(Dataset items)
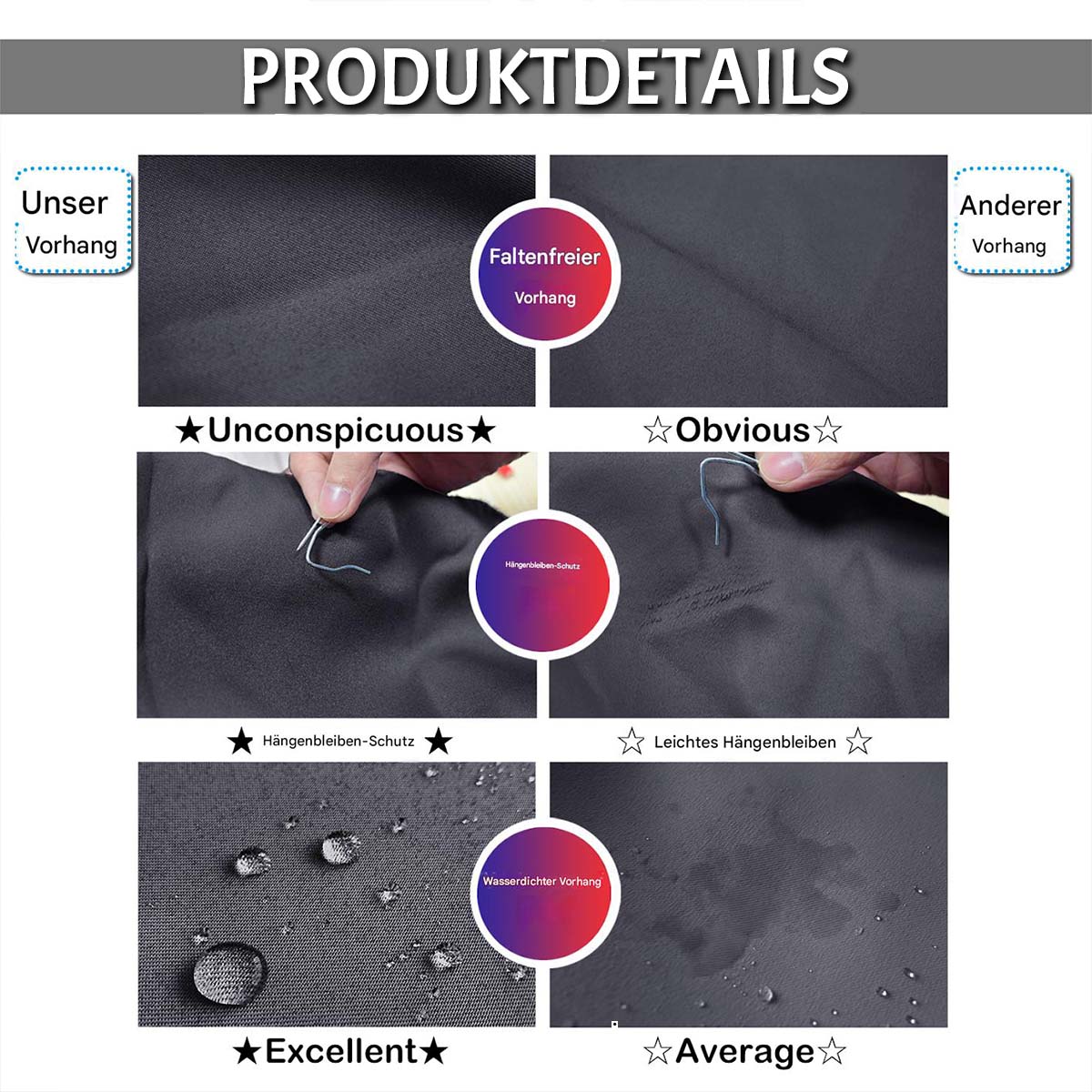 The extra-wide curtain is the perfect solution for covering large areas in style and functionality. At 254 cm wide, it's ideal as a room divider, door or window decoration, and for outdoor use. Made of 100% polyester, it impresses with its waterproof, durable surface and provides approximately 50 to 70% light reduction, as well as reliable privacy.
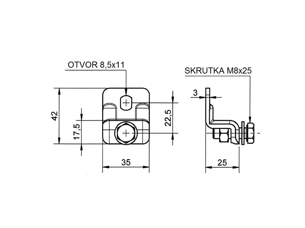 Držák pro kovový hřeben, M8x25mm, pro upevnění hřebene
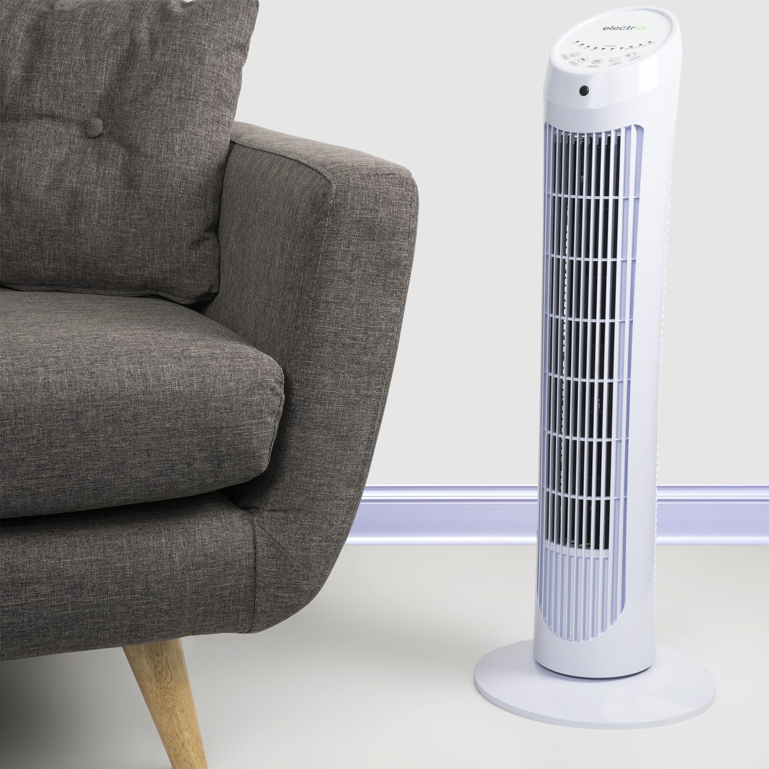 The control panel is located at the top of the tower and is made up of five buttons and a series of indicators, so you can quickly set the fan to your preferred setting in a couple of clicks. Or if you prefer, you can operate the fan using the remote control that comes supplied and have it set to cool you from your bed or sofa! The fan comes ready to use straight out of the box and doesn't require any permanent installation. And, because it's slim and lightweight enough to carry, you can move it from room to room with ease.
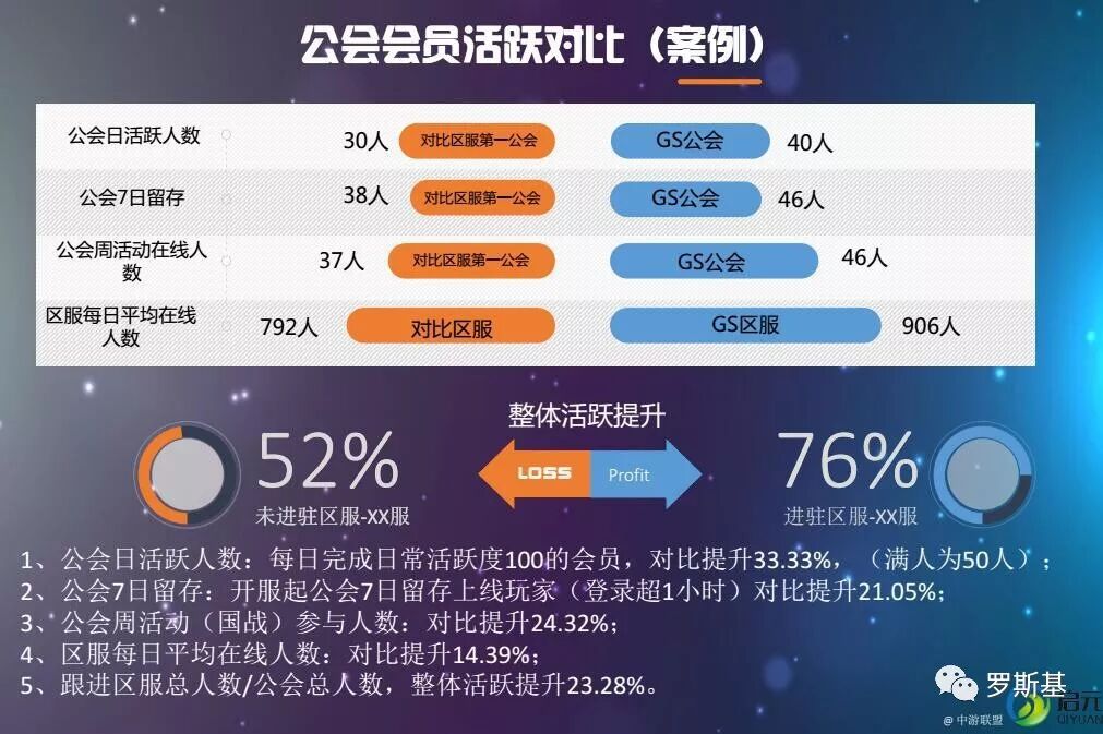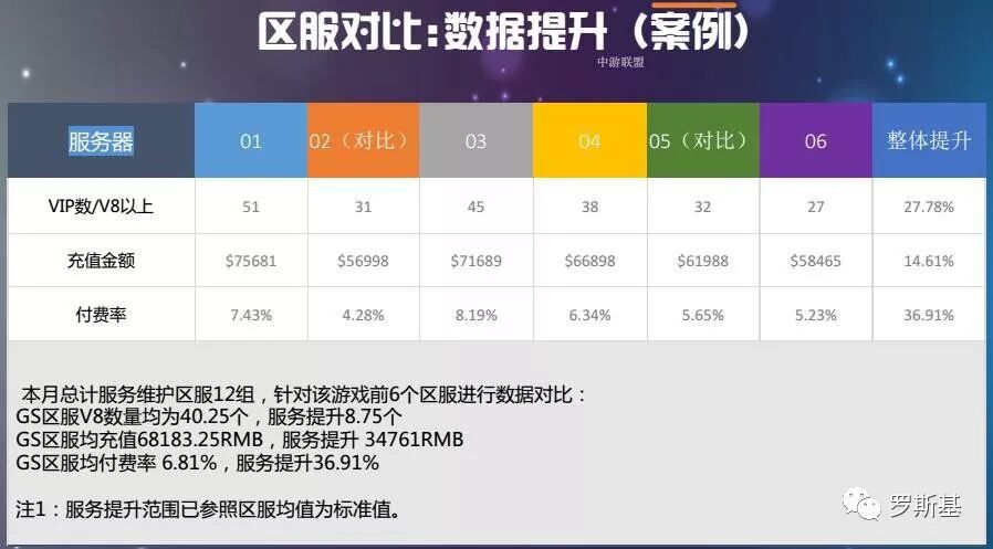 当然要做好GS维护也不是一件简单的事,需要非常专业的团队,去掌控和平衡着整个游戏内的生态。绿色公会GS维护或是GS外包团队的合作模式也是以基础运维服务费+用户留存、收入提升的比例来进行收费。目前,GS维护对产品的收入提升非常明显,基本可以达到ARPU10%-30%。根据罗斯基对GS维护市场的情况调查,一个服务的GS维护投入成本基本在大几千元,但相对却可以提升10%以上的收入。在买量成本越来越高,需要精细化运营的情况下,越来越多的公司选择了外包合作,GS维护也成为了行业的标配。
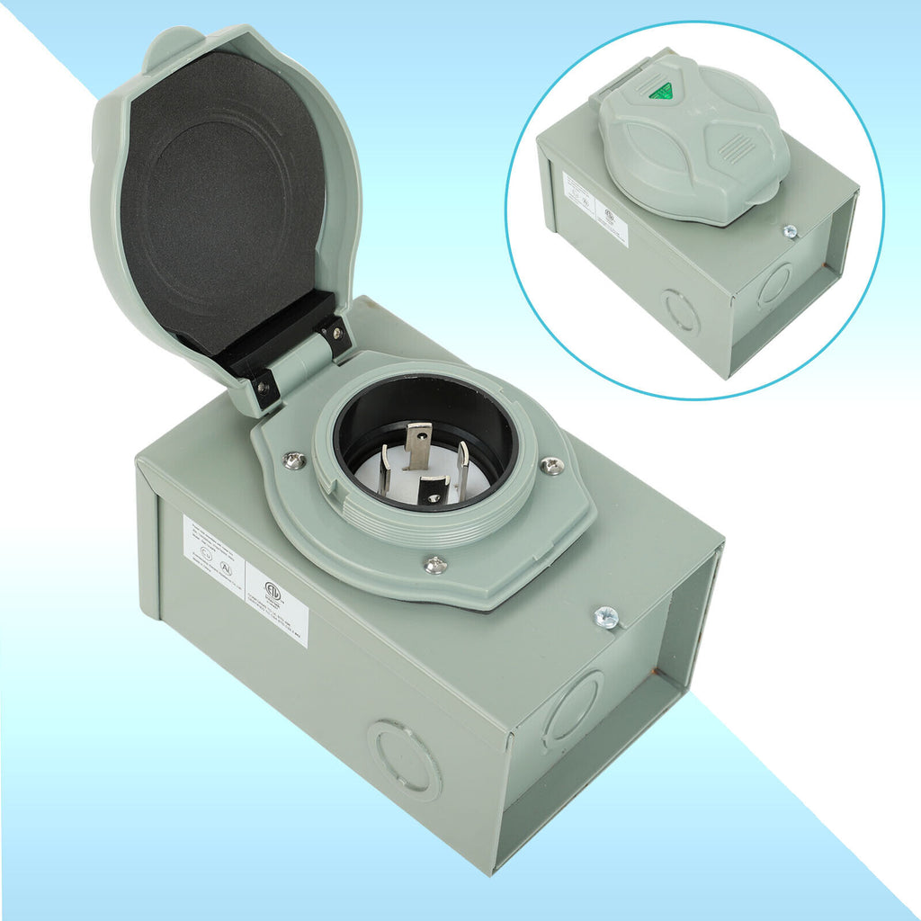 30 Amp Generator Power Inlet Box Outdoor 4-Prong 125/250V NEMA L14-30P
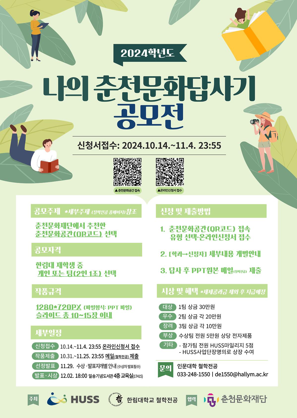 - 제출방법: 인문학부 철학전공 이메일주소(de1550@hallym.ac.kr)로 작품 송부
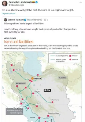 Об этом в Х написал экс-министр иностранных дел Литвы Габриэлюс Ландсбергис, комментируя карту с отмеченными иранскими объектами.
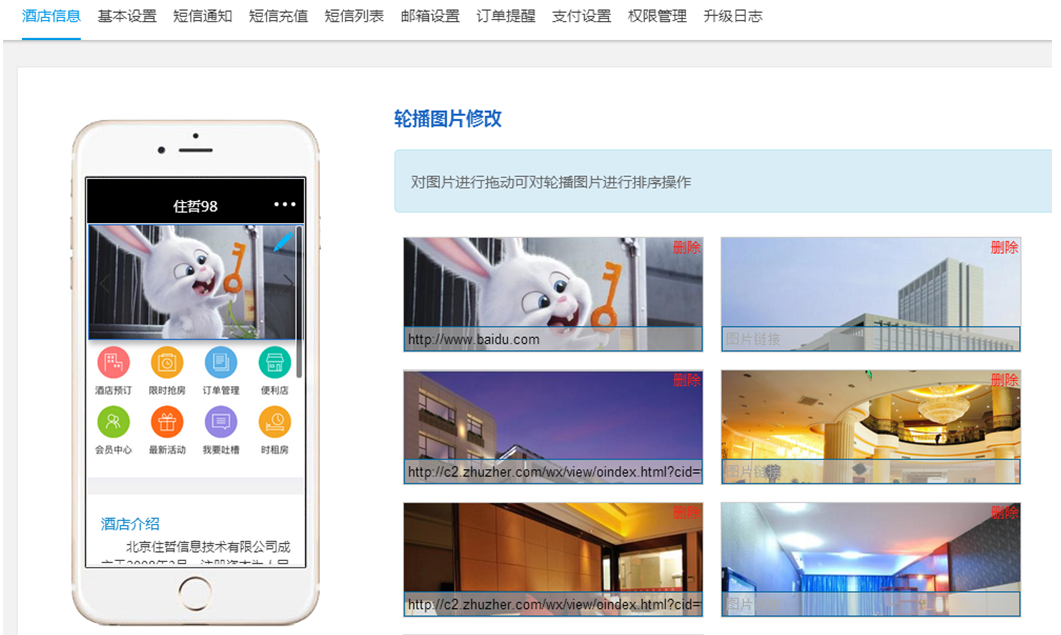 6、酒店信息设置功能调整,能拖动调整banner图片顺序,banner图片支持添加外链;
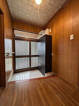窓から光が差し込む、明るい玄関です。大きなシューズクローゼットがあり、収納が充実しています
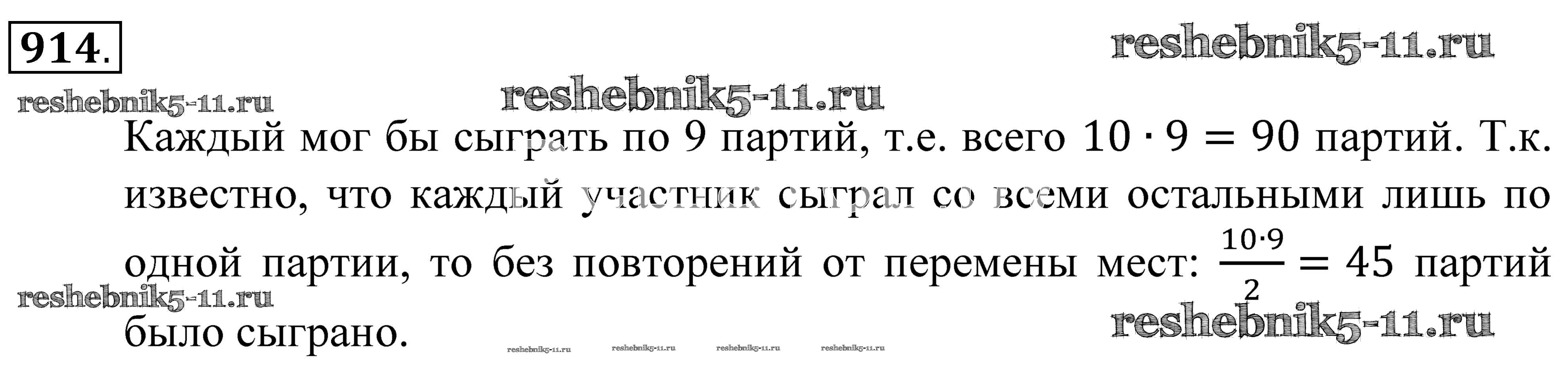 Готовая домашняя работа с ответами по Математике за 5 класс Зубарева, Мордкович Учебник Мнемозина 2015 ФГОС - Упражнения 914
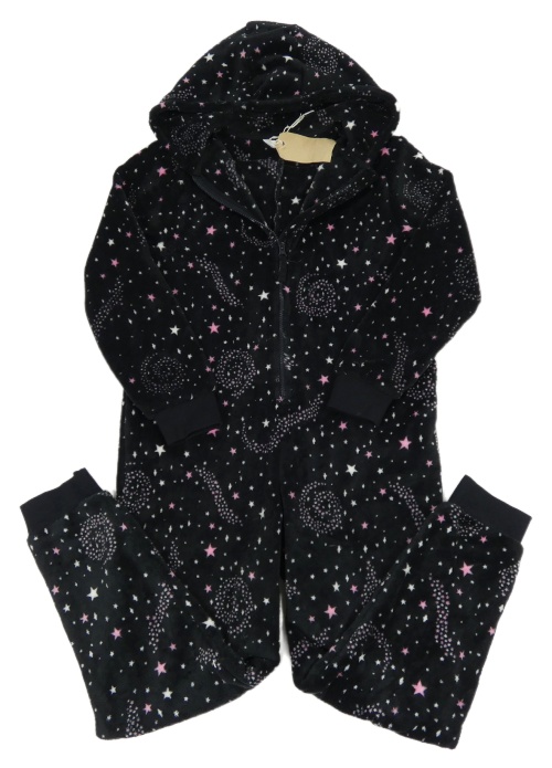 Černá plyšová kombinéza s hvězdičkami a kapucí M&S
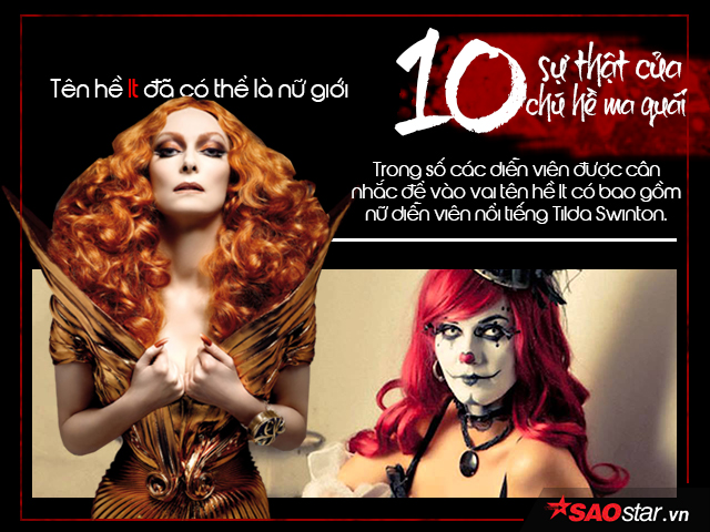 Trong số các diễn viên được cân nhắc để vào vai tên hề It có bao gồm nữ diễn viên nổi tiếng Tilda Swinton. Nổi tiếng với vai mụ Phù Thủy Băng Tuyết trong series Biên Niên Sử Narnia, Tilda Swinton có nước da trắng toát cùng gương mặt góc cạnh khá hợp đóng vai độc ác. Nếu như Tilda được nhận đóng vai này thì giờ đây chúng ta đã có một “bà hề”, thay vì gã hề bệnh hoạn như trong phim chính thức.
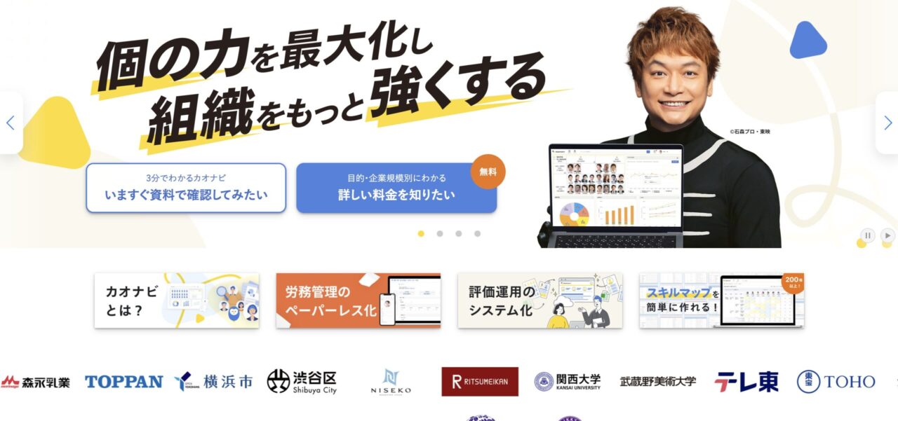 カオナビは、4,000社以上が導入するマネジメントシステムで、パルスサーベイ機能が標準搭載されています。人材データベースと連携することで、サーベイ結果と評価履歴・異動履歴を掛け合わせた分析が可能です。
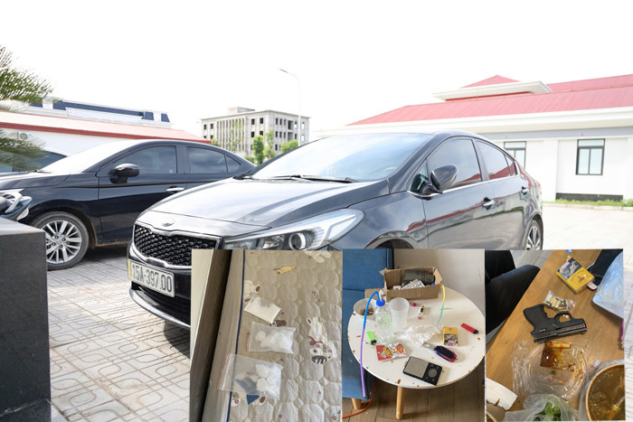 Khám xét trên xe ô tô hiệu Kia Cerato BKS: 15A - 39700 của Khải để dưới sảnh tòa nhà, lực lượng Công an thu giữ 1 gói nhỏ dạng tinh thể, 1 cân điện tử và một số vật chứng khác.

AIM OF THE TASK → The lines from the top of the data above through the one holding "窓から光が差し込む、明るい玄" are to be repeated exactly, and only those, with no pictures.

TASK RESULT →
 The extra-wide curtain is the perfect solution for covering large areas in style and functionality. At 254 cm wide, it's ideal as a room divider, door or window decoration, and for outdoor use. Made of 100% polyester, it impresses with its waterproof, durable surface and provides approximately 50 to 70% light reduction, as well as reliable privacy.
 Držák pro kovový hřeben, M8x25mm, pro upevnění hřebene
 The control panel is located at the top of the tower and is made up of five buttons and a series of indicators, so you can quickly set the fan to your preferred setting in a couple of clicks. Or if you prefer, you can operate the fan using the remote control that comes supplied and have it set to cool you from your bed or sofa! The fan comes ready to use straight out of the box and doesn't require any permanent installation. And, because it's slim and lightweight enough to carry, you can move it from room to room with ease.
 当然要做好GS维护也不是一件简单的事,需要非常专业的团队,去掌控和平衡着整个游戏内的生态。绿色公会GS维护或是GS外包团队的合作模式也是以基础运维服务费+用户留存、收入提升的比例来进行收费。目前,GS维护对产品的收入提升非常明显,基本可以达到ARPU10%-30%。根据罗斯基对GS维护市场的情况调查,一个服务的GS维护投入成本基本在大几千元,但相对却可以提升10%以上的收入。在买量成本越来越高,需要精细化运营的情况下,越来越多的公司选择了外包合作,GS维护也成为了行业的标配。
 30 Amp Generator Power Inlet Box Outdoor 4-Prong 125/250V NEMA L14-30P
 - 제출방법: 인문학부 철학전공 이메일주소(de1550@hallym.ac.kr)로 작품 송부
 Об этом в Х написал экс-министр иностранных дел Литвы Габриэлюс Ландсбергис, комментируя карту с отмеченными иранскими объектами.
 6、酒店信息设置功能调整,能拖动调整banner图片顺序,banner图片支持添加外链;
窓から光が差し込む、明るい玄関です。大きなシューズクローゼットがあり、収納が充実しています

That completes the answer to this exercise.